Gustafsson L E, Wiklund C U, Wiklund N P, Persson M G, Moncada S
Dept of Physiology, Karolinska Institutet, Stockholm, Sweden.
Biochem Biophys Res Commun. 1990 Nov 30;173(1):106-10. doi: 10.1016/s0006-291x(05)81028-9.

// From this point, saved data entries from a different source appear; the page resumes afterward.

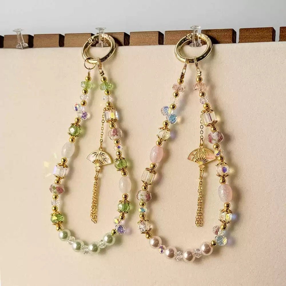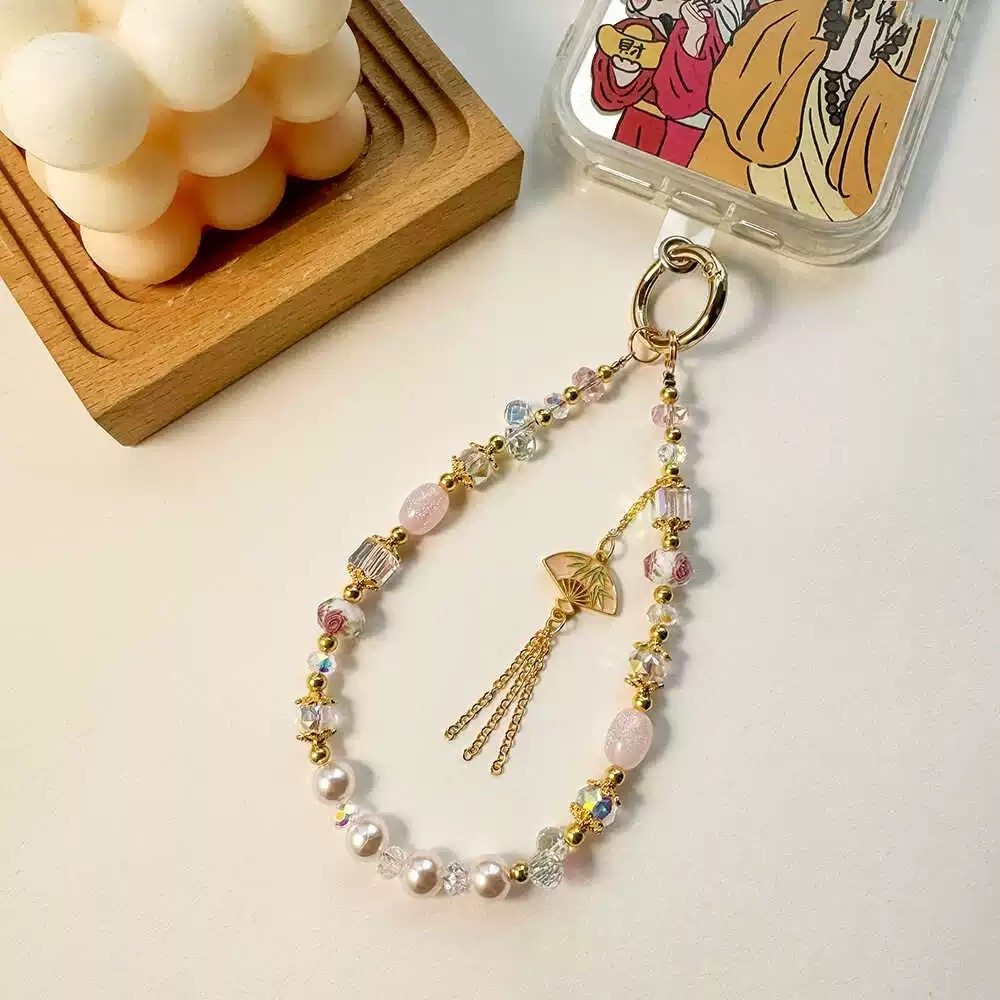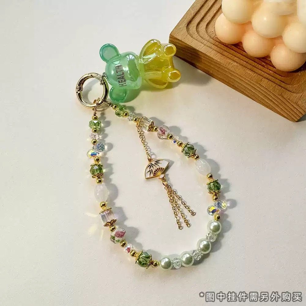 中国风流苏串珠手提链手腕短挂绳带夹片壳钥匙扣包包挂件女潮
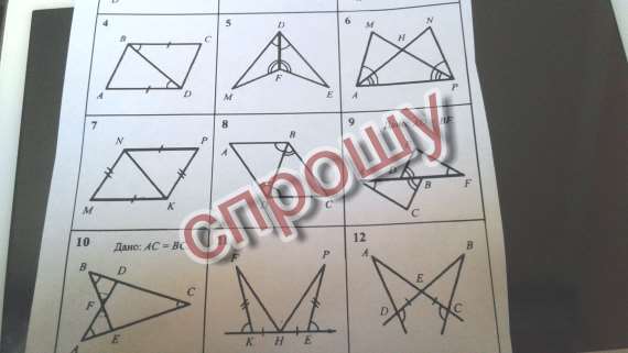 Найти пары равных трегольников и доказать их равенство.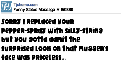 X says Sorry I replaced your pepper-spray with silly-string but you gotta admit the surprised look on that mugger's face was priceless...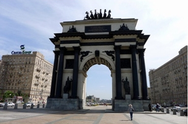莫斯科凱旋門在莫斯科西邊的繁忙大街中央,與巴黎凱旋門相似,但規模略小。讓人思索者,這兩座凱旋門都是為了紀念同一戰爭而建。1812年,拿破侖率領64萬大軍攻進莫斯科,火燒城池,他以為勝利了。但莫斯科軍民在拿破侖撤離途中頻頻出擊,時天寒地凍,糧草不繼,法軍傷亡慘重。俄軍也稱勝利了。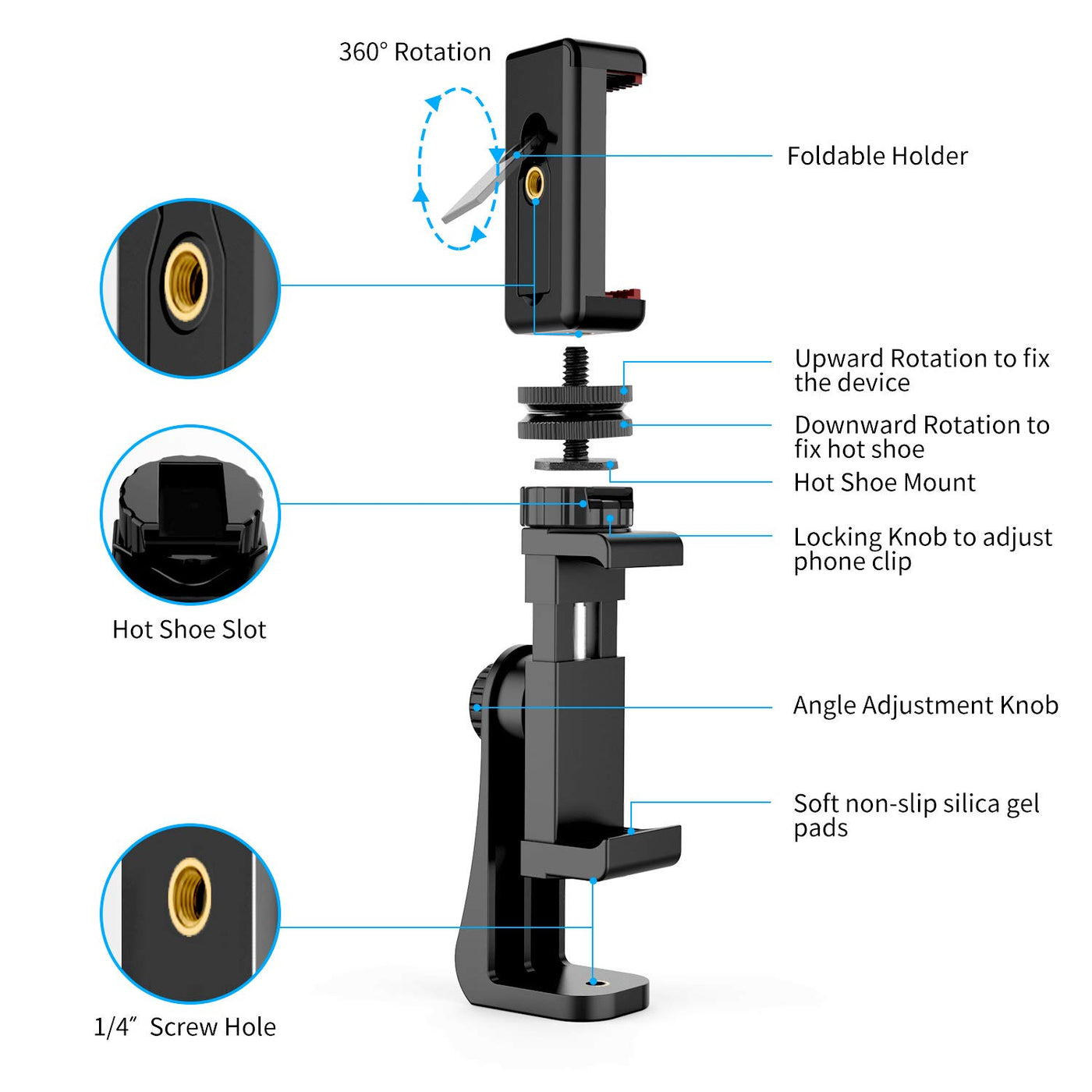 Make Your Cell Phone Photography Stand Out Get The Best And Latest Owine Phone Tripod Mount To Meet Various Needs Of Professional Smartphone Photography And Videography So You Concentrate On Making The Best Content Why Our Owine Mobile Phone Tripod Mount Can Meet All Your Professional Needs Multiple Connection Ways --- Our Perfect Phone Holder Not Only Has Its Own Hot Shoe Slot But Also Comes With A 14A Standard Screw And Two 14A Screw Hole At The Bottom Of Phone Clip And Stand Widely Fit For All Filming Device That Has 14A Screw Mount And Hot Shoe Mount 360A Rotation Adjustable --- 360 Degree Rotation Design To Support Shooting From Various Angles You Want, Portrait(Vertically), Landscape(Horizontally), Diagonal, Or Whatever Universal For Most Smartphones --- Mobile Phone Clip Size Is 58-105Mm(23-41 Inch) Width, Fits For All Smartphones Under 65 Screen, Such As Iphone 1111 Pro11 Pro Maxxxsxrxs Max8766S Plusse5S55C, Samsung Galaxy S1010+S9S9+S8S8+S7S6S6 Edge, Note1010+98 And Many Other Brands And Models And The Phone Tripod Holder Can Be Easily Adjusted To Hold Or Release The Phone Install 2 Cell Phones At Once --- Extra Bonus Of Cell Phone Holder Clamp Can Be Used For The Dual Connection Of A Tripod, Allowing You To Photograph With 2 Mobile Phones Together The Phone Clamp Also Can Be Used As A Table Base Steady & Protective --- Our Owine Phone Tripod Adapter Is Made Of Premium Quality Aluminum Alloy, Plastic And Soft Non-Slipping Silica Gel Pads Hold Any Smartphone Steady, No Sliding, No Shaking, No Damaging And No Scratch Specification: Material: Premium Quality Plastic Adjustable Clip Size: 58Mm-105Mm (23A-41A) Interface: International Standard Screw 14 Package Includes: 1 X Phone Tripod Mount With Hot Shoe Slot 1 X 14 Standard Screw Connector 1 X Phone Holder Clamp

NG-monomethyl-L-arginine (L-NMMA), an inhibitor of nitric oxide synthesis, markedly enhanced tonic ("hump") responses to transmural stimulation in guinea pig ileum longitudinal muscle. The enhancement of the hump responses was probably due to a prejunctional effect on substance P-like neurotransmission, since the action of L-NMMA was exerted also in the presence of atropine, and since responses to substance P, a mimic of nerve stimulation, were unaffected by L-NMMA as were cholinergic twitch responses and the overflow of [3H]choline. Further in support, the hump responses were blocked by the substance P antagonist Spantide. All effects of L-NMMA were stereospecifically reversed by L-arginine. Endogenous nitric oxide thus selectively modulates peptidergic neurotransmission in the gut.
NG-单甲基-L-精氨酸(L-NMMA)是一种一氧化氮合成抑制剂,它能显著增强豚鼠回肠纵行肌对透壁刺激的紧张性(“峰”)反应。峰反应增强可能是由于对P物质样神经传递的节前效应,因为L-NMMA的作用在阿托品存在时也能发挥,而且对P物质(神经刺激的模拟物)的反应、胆碱能抽搐反应以及[3H]胆碱的溢出不受L-NMMA影响,这与L-NMMA对它们的作用方式相同。进一步的证据是,峰反应被P物质拮抗剂Spantide阻断。L-NMMA的所有作用都能被L-精氨酸立体特异性地逆转。因此,内源性一氧化氮可选择性地调节肠道中的肽能神经传递。